Apple's Recent Quarterly Rates of Growth
Apple's frenetic rates of growth have become as challenging to understand as they are to accurately forecast. Graphs of the company's quarterly revenue and eps performance over the most recent eight fiscal quarters are posted below to illustrate the changes in Apple's quarterly revenue and earnings growth cycle:


The Impact of iOS Devices on Apple's Rates of Growth
In a recently published article titled Apple's 25% Solution, I suggested Apple is and will remain primarily a device maker. Constituent products and services such as iTunes and iCloud are designed to support product pricing control and high product margins. iCould is considered an integral component of the device use experience while iTunes and the app stores provide content to drive device unit sales. In FY 2011, roughly 90% of Apple's reported revenue was derived from device sales. The success of the company's software and service products are best viewed in the ways they support device sales and not by the revenue they generate through sales of products for the devices. Of the 90% of revenue derived from device sales, 70% of that revenue was sourced from the iPhone and iPad. When the iOS-based iPod touch is added to the mix, 73% of device revenue was generated by iOS products. 
The eight-quarter revenue and earnings charts above reflect the impact of Apple's iOS device refresh cycles. The rates of Apple's revenue and earnings growth are highly dependent on the release of updated handheld products. For example, in  FQ2 2011 and FQ3 2011, revenue and earnings growth were driven by sales of the iPad 2 released in March and the iPhone's availability on the Verizon network. In FQ4 2011, Apple's negative sequential revenue and earnings growth were due to the release of the new iPhone 4S three weeks after the close of the quarter. Anticipation of the new iPhone handset dramatically reduced iPhone demand in the September period. For detailed information on Apple device unit sales, please see the Posts At Eventide Apple Unit Sales page. 
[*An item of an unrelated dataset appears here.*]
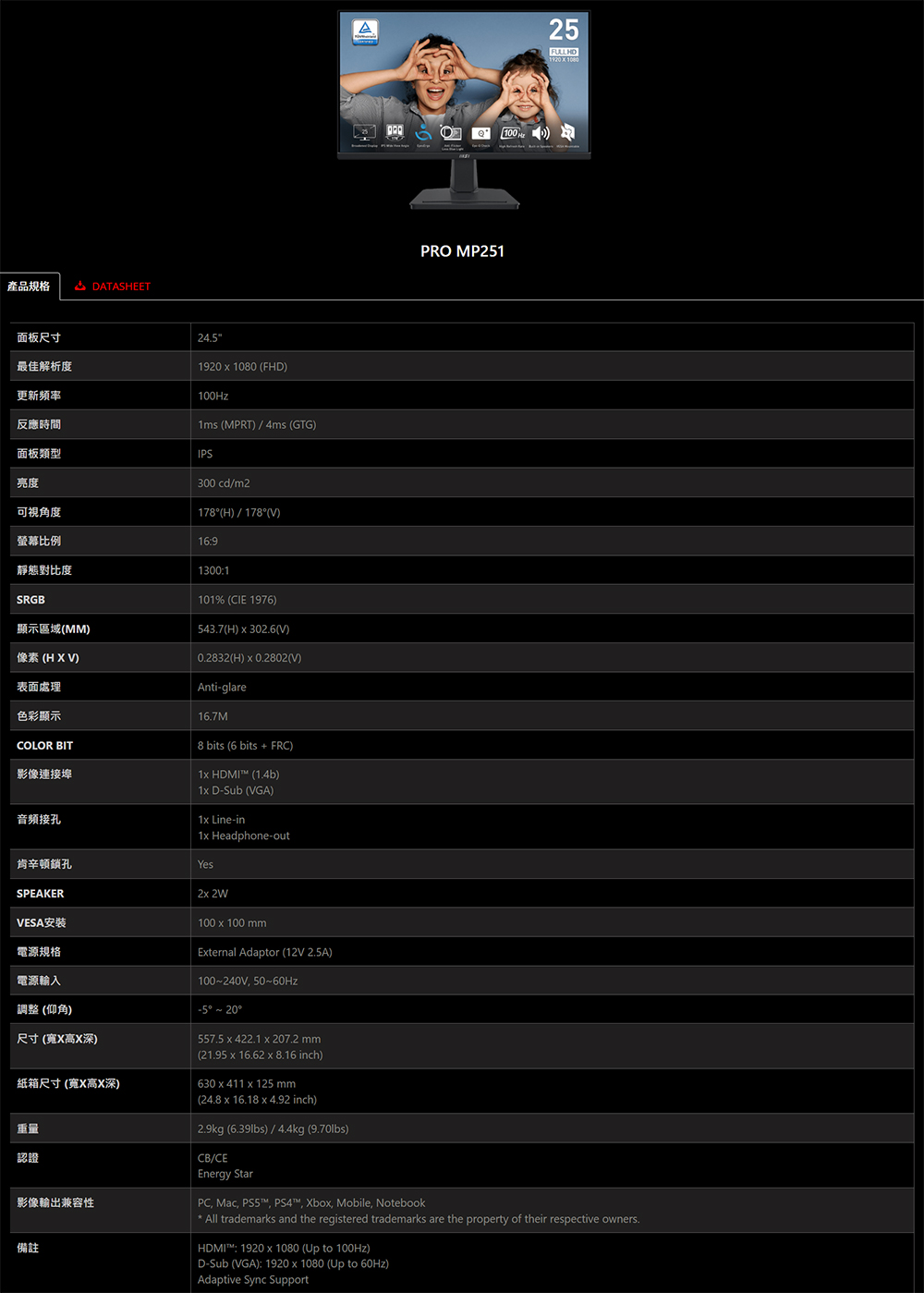 [MSI 微星]《PRO-MP251》IPS/1ms/100Hz/HDMI/D-Sub/防閃爍/低藍光/內建喇叭/三年保

Seasonality and Product Refresh Cycles
Posted below are graphs of Apple's quarterly revenue and earnings per share results for the most recent three fiscal years.  Seasonal factors such as the holiday quarter which produces the annual high point for iPod sales and the release dates of new products and product refreshes significantly impacted results. The opening of the Apple App Store in early 2009 which continues to boost iPhone unit sales, the company's global expansion and the release of the Apple iPad have produced changes in the company's quarterly revenue and earnings growth cycle. FQ3 2011 was the highest revenue and earnings period in the most recent fiscal year due in part to the popularity of Apple products in the Asia-Pacific region and the successful launch of the iPad 2.

Similar to FY 2011, in fiscal years 2012 and 2013 Apple's rates of revenue and earnings growth will be principally dependent on the annual refreshes of the iPhone and iPad lines. More than any other factors, these product refreshes will determine each quarter's revenue and earnings growth performance. 
FY 2012 and Beyond
In FY 2011 Apple reported revenue growth of 66% and earnings per share growth of 82.7%. Those results foreshadow at least two more years of strong revenue and earnings growth for the company. Although the rates of quarterly revenue and earnings growth will differ each period due to the influences outlined in this article, growth over the next eight quarters will propel Apple's annual revenue above $160 in FY 2012 and well beyond $200 billion in FY 2013.  FY 2013 eps will most likely surpass $50 per share. 
I will soon post my preliminary FY 2012 revenue and earnings forecast. The successful launch of the iPhone 4S, the 14-week December quarter and Apple's continuing global expansion may yield some surprising results. While the revenue and earnings growth performance each quarter will differ, I forecast aggregate revenue and eps growth will remain strong through FY 2013. Both the iPhone and iPad remain in early stages of global market development.